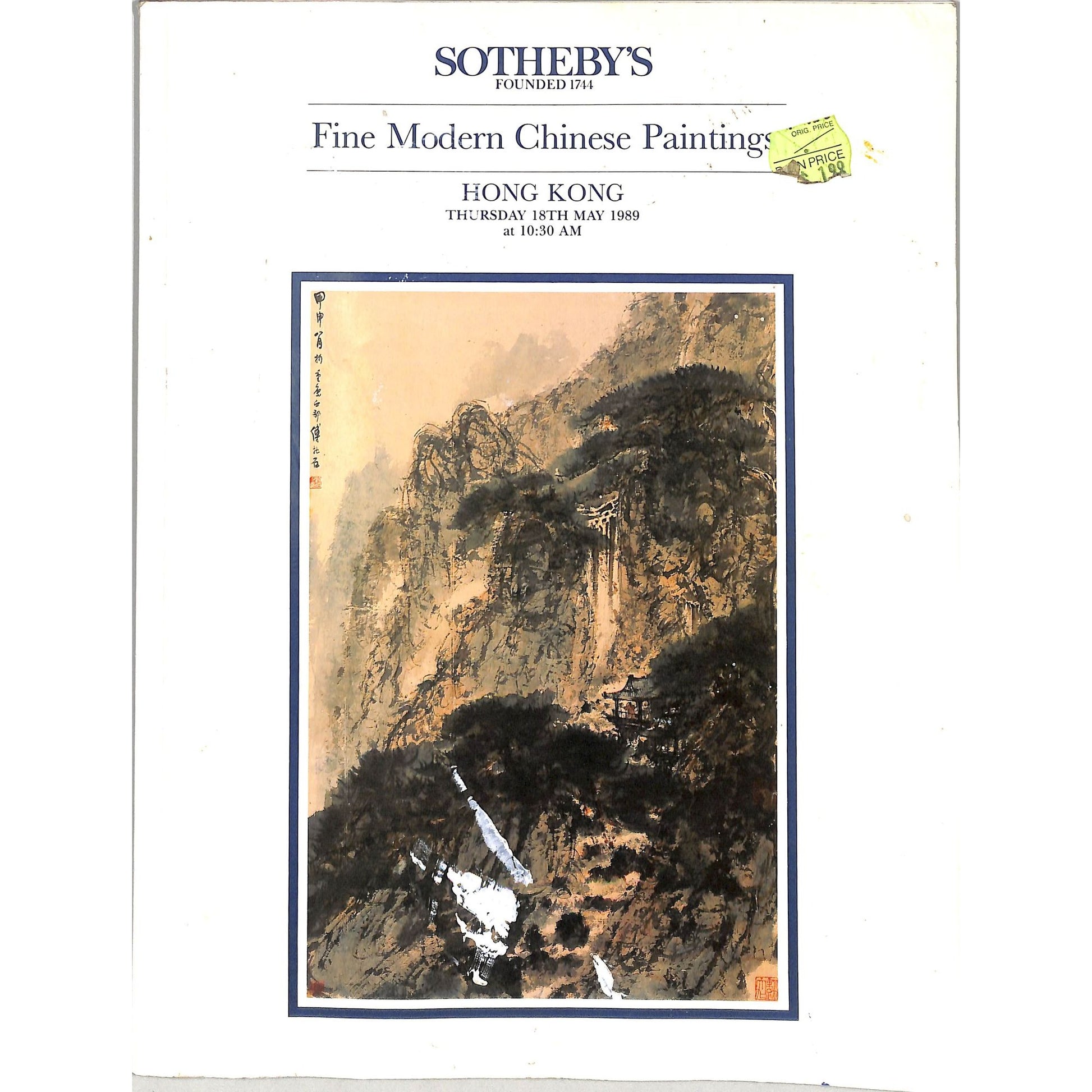 Sotheby’s Fine Modern Chinese Paintings Auction Catalog, dated May 18, 1989, from an auction in Hong Kong. The front cover features an illustrated artwork and the Sotheby’s branding. The back cover displays the Sotheby’s logo. The catalog likely includes detailed information about the artworks offered in the auction. Condition: visible wear on the cover, including discoloration and a price sticker.
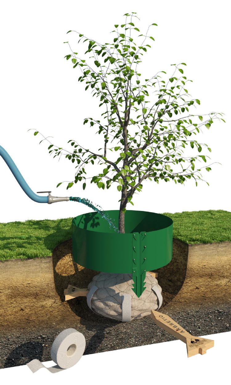 De Rootbarrier Watertapes (welke is genomineerd voor de Gouden Gieter) is een 100% biologisch afbreekbare tape wat ca. 40 liter water per m2 opneemt, voegt zich op natuurlijke wijze om de wortel en vervult de noodzakelijke "sponsfunctie" die met name jonge wortels nodig hebben. Ontwikkeld om uitdroging van de kluit tegen te gaan en dat de boom verzekerd is van een optimaal vochtbalans in de grond, ook tijdens extreme droogte. Ook goed te combineren met de RootBarrier Gietrand (die het afvloeien van water voorkomt).
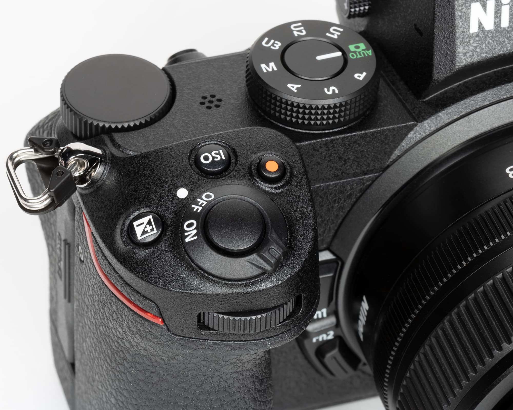 Около выключателя питания расположены три кнопки: ввода экспокоррекции, выбора значений ISO и активации видеозаписи.
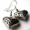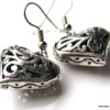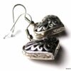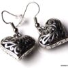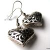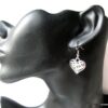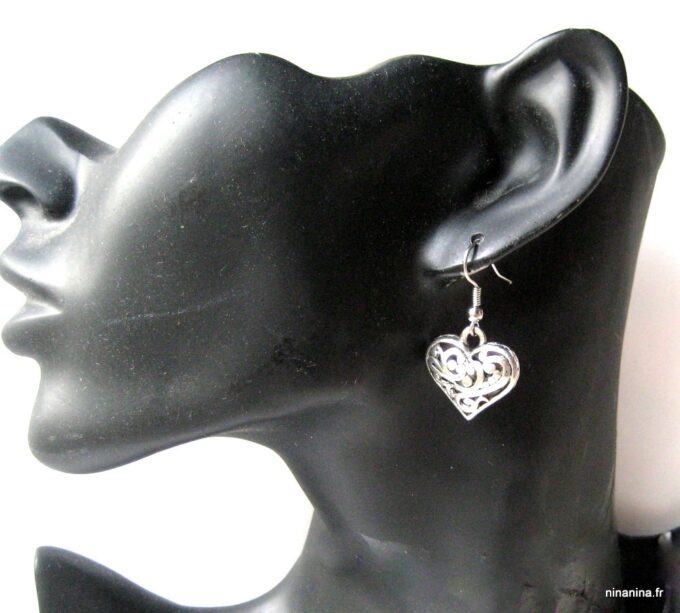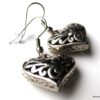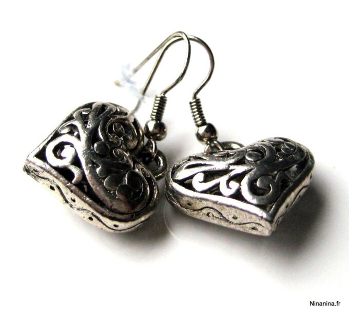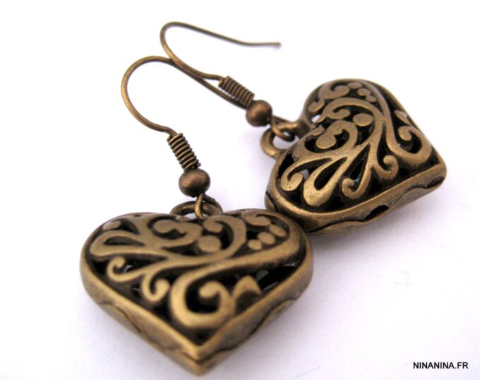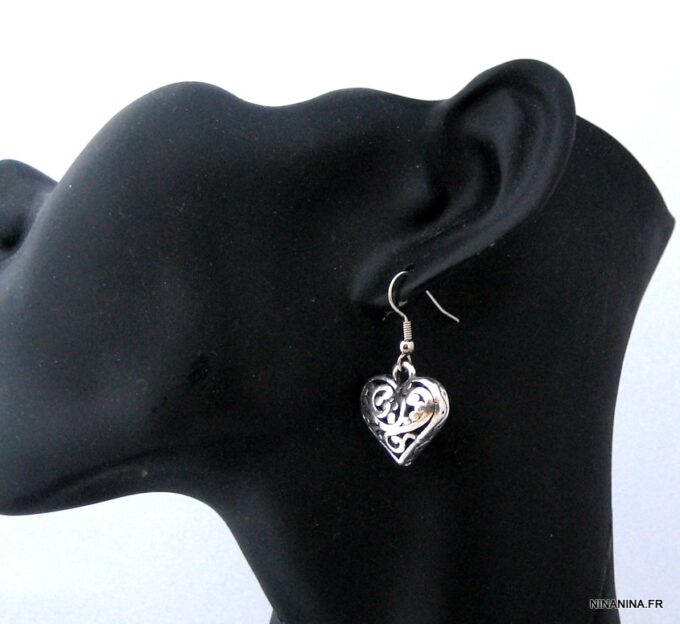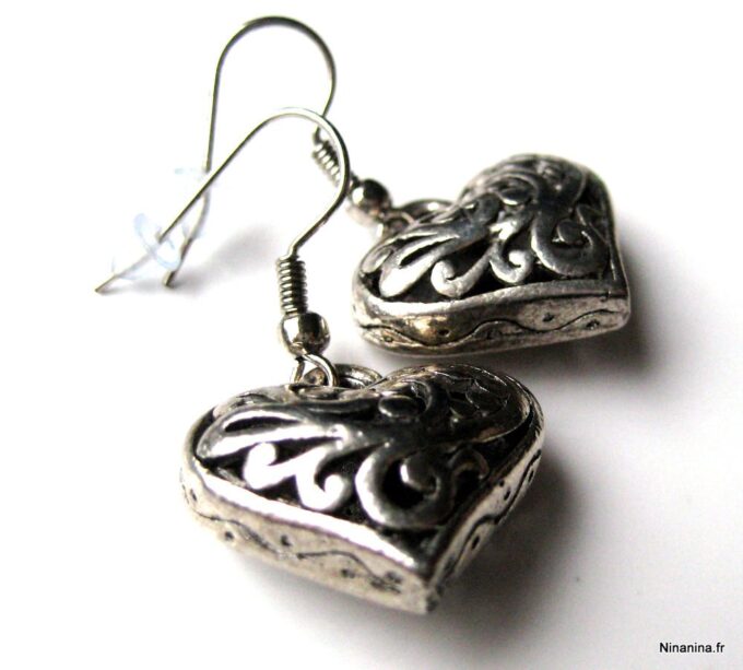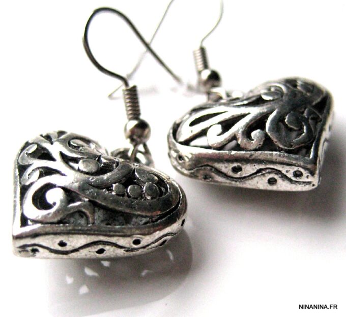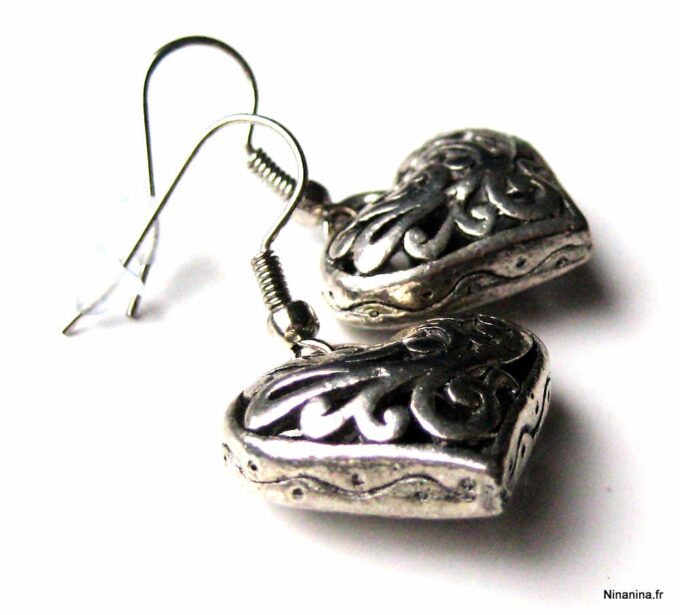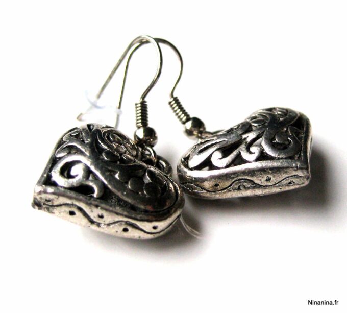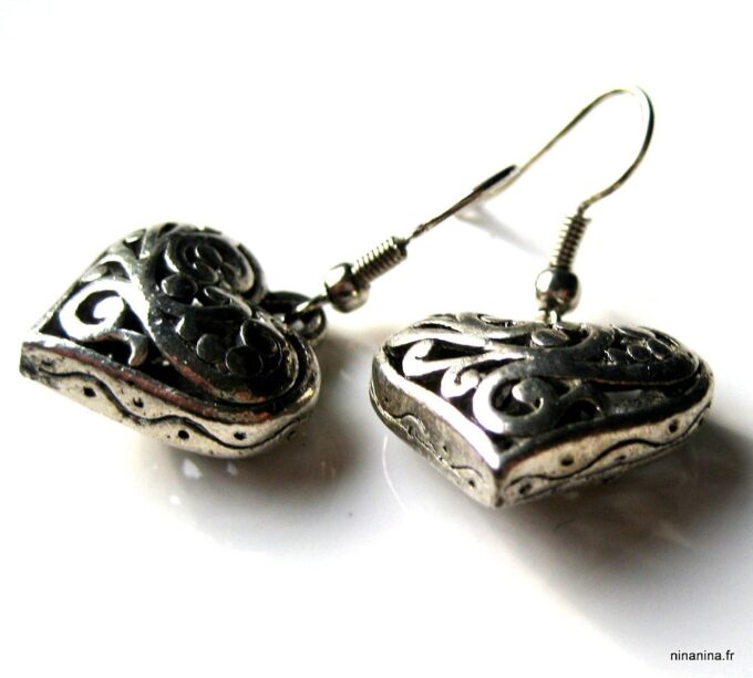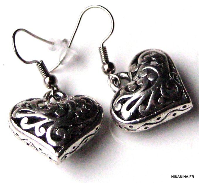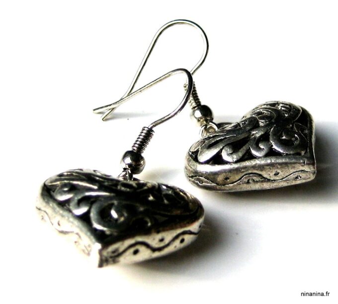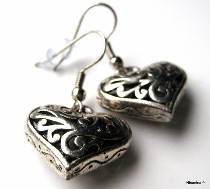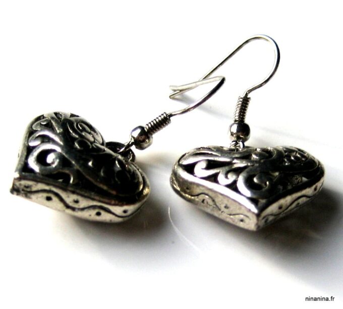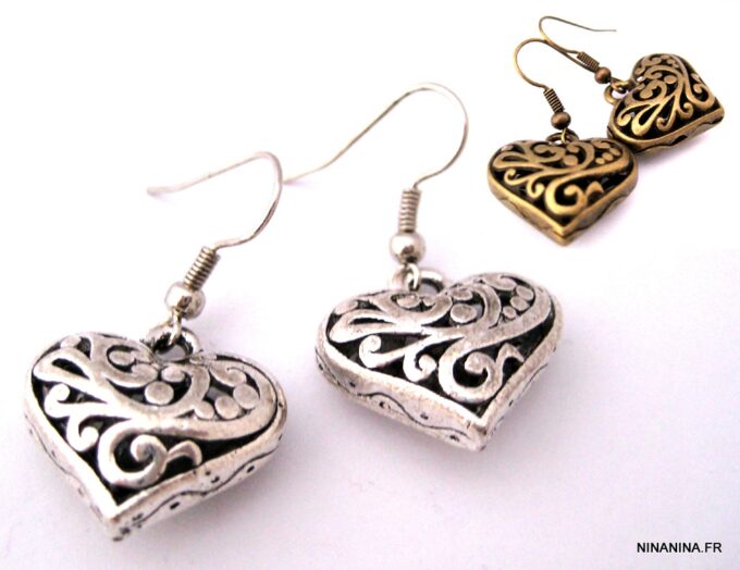 Boucles d’oreilles coeurs composées d’un pendentif coeur ciselé et bombé en métal argenté monté sur boucle pendante. Dim du pendentif : 2 X 2 cm. Existe également en métal bronze. Longueur totale : 3,5 cm environ. Livré dans sa pochette d’organza. Bijou 100% fait-main.
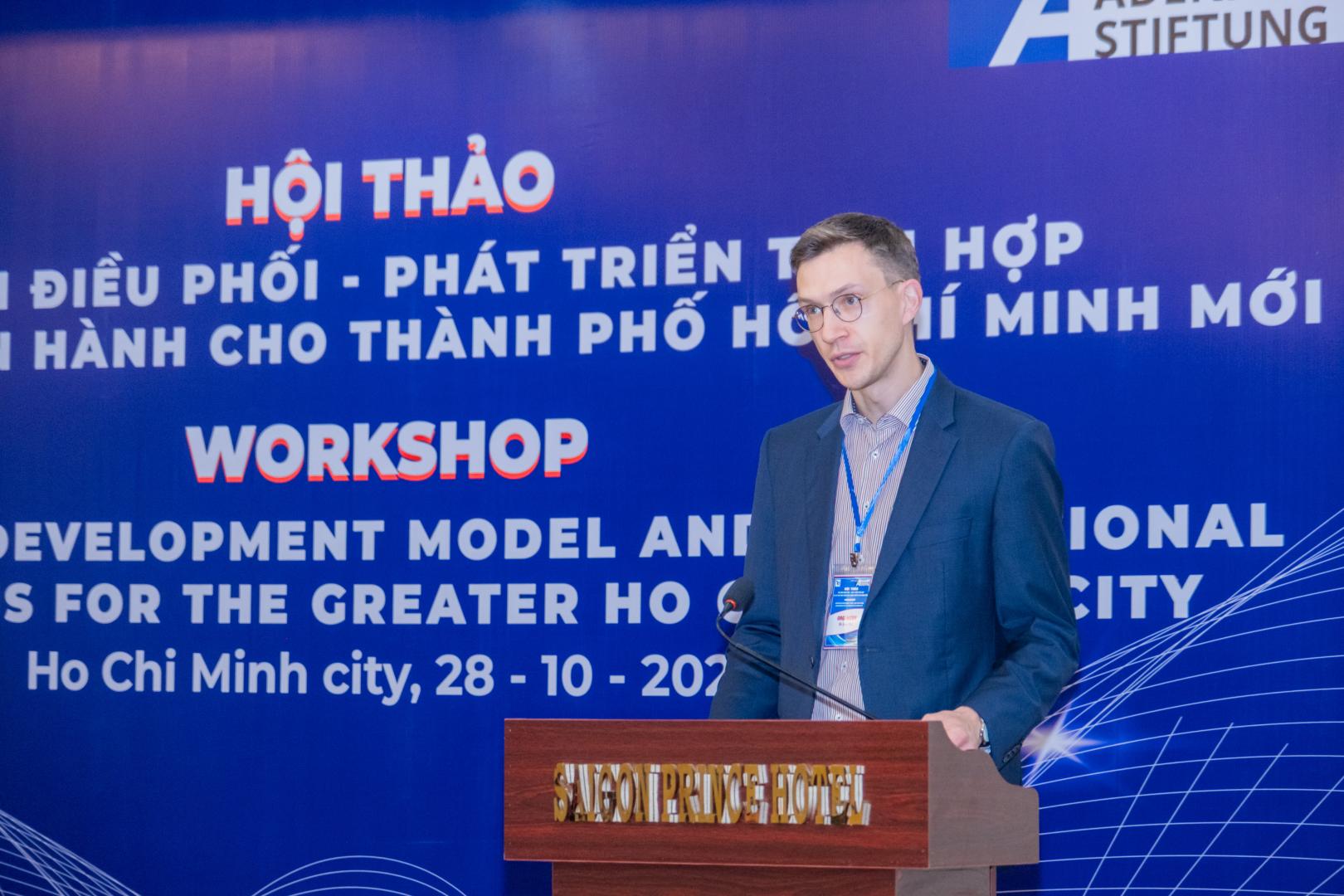 Bên cạnh đó, Tiến sĩ Keil cũng chỉ ra những thách thức phổ biến mà các vùng đô thị đang phải đối mặt, bao gồm: bất bình đẳng không gian, gia tăng dân số, thiếu hụt nhà ở, áp lực môi trường và nhu cầu ngày càng cao về hạ tầng. Đối với TP. Hồ Chí Minh, ông đề xuất một khung quản trị mang tính thích ứng và bao trùm, được hỗ trợ bởi các khoản đầu tư chiến lược vào hạ tầng kỹ thuật, hệ thống dữ liệu và phát triển nguồn nhân lực.
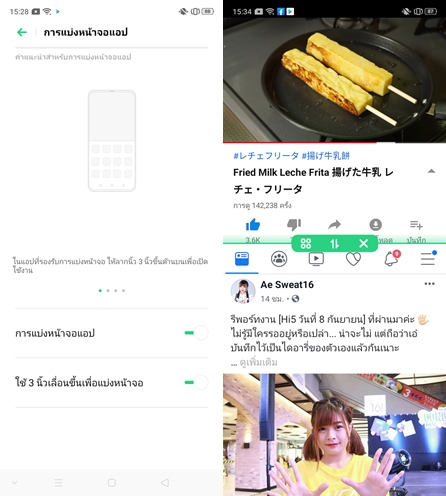 App Split-Screen เป็นการแบ่งหน้าจอเป็น 2 ส่วนสามารถทำงานได้หลายอย่างในเวลาเดียวกัน โดยจะใช้ Smart Gesture 3 นิ้วในการลากหน้าจอขึ้นเพื่อแบ่งหน้าจอ หรือไปที่ Recent App แล้วเลือกเครื่องหมายขีด 3 ขีดด้านขวา แล้วเลือกคำสั่งแบ่งหน้าจอได้เลยครับ (มีเพื่อนๆ ถามกันเข้ามาเยอะมากเลยครับ จะเห็นว่ามันง่ายนิดเดียว)
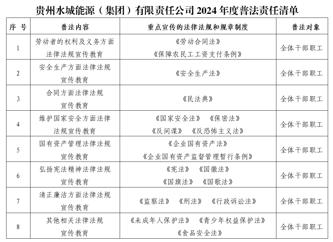 貴州水城能源(集團(tuán))有限責(zé)任公司2024年度普法責(zé)任清單

## TASK DETAILS
Please, without any pictures, write out exactly the lines of the listing from its first line through the line that holds "Bên cạnh đó, Tiến", ends included, and nothing beyond them.

## RESULT OF THIS EXERCISE
 Sotheby’s Fine Modern Chinese Paintings Auction Catalog, dated May 18, 1989, from an auction in Hong Kong. The front cover features an illustrated artwork and the Sotheby’s branding. The back cover displays the Sotheby’s logo. The catalog likely includes detailed information about the artworks offered in the auction. Condition: visible wear on the cover, including discoloration and a price sticker.
 De Rootbarrier Watertapes (welke is genomineerd voor de Gouden Gieter) is een 100% biologisch afbreekbare tape wat ca. 40 liter water per m2 opneemt, voegt zich op natuurlijke wijze om de wortel en vervult de noodzakelijke "sponsfunctie" die met name jonge wortels nodig hebben. Ontwikkeld om uitdroging van de kluit tegen te gaan en dat de boom verzekerd is van een optimaal vochtbalans in de grond, ook tijdens extreme droogte. Ook goed te combineren met de RootBarrier Gietrand (die het afvloeien van water voorkomt).
 Около выключателя питания расположены три кнопки: ввода экспокоррекции, выбора значений ISO и активации видеозаписи.
 Boucles d’oreilles coeurs composées d’un pendentif coeur ciselé et bombé en métal argenté monté sur boucle pendante. Dim du pendentif : 2 X 2 cm. Existe également en métal bronze. Longueur totale : 3,5 cm environ. Livré dans sa pochette d’organza. Bijou 100% fait-main.
 Bên cạnh đó, Tiến sĩ Keil cũng chỉ ra những thách thức phổ biến mà các vùng đô thị đang phải đối mặt, bao gồm: bất bình đẳng không gian, gia tăng dân số, thiếu hụt nhà ở, áp lực môi trường và nhu cầu ngày càng cao về hạ tầng. Đối với TP. Hồ Chí Minh, ông đề xuất một khung quản trị mang tính thích ứng và bao trùm, được hỗ trợ bởi các khoản đầu tư chiến lược vào hạ tầng kỹ thuật, hệ thống dữ liệu và phát triển nguồn nhân lực.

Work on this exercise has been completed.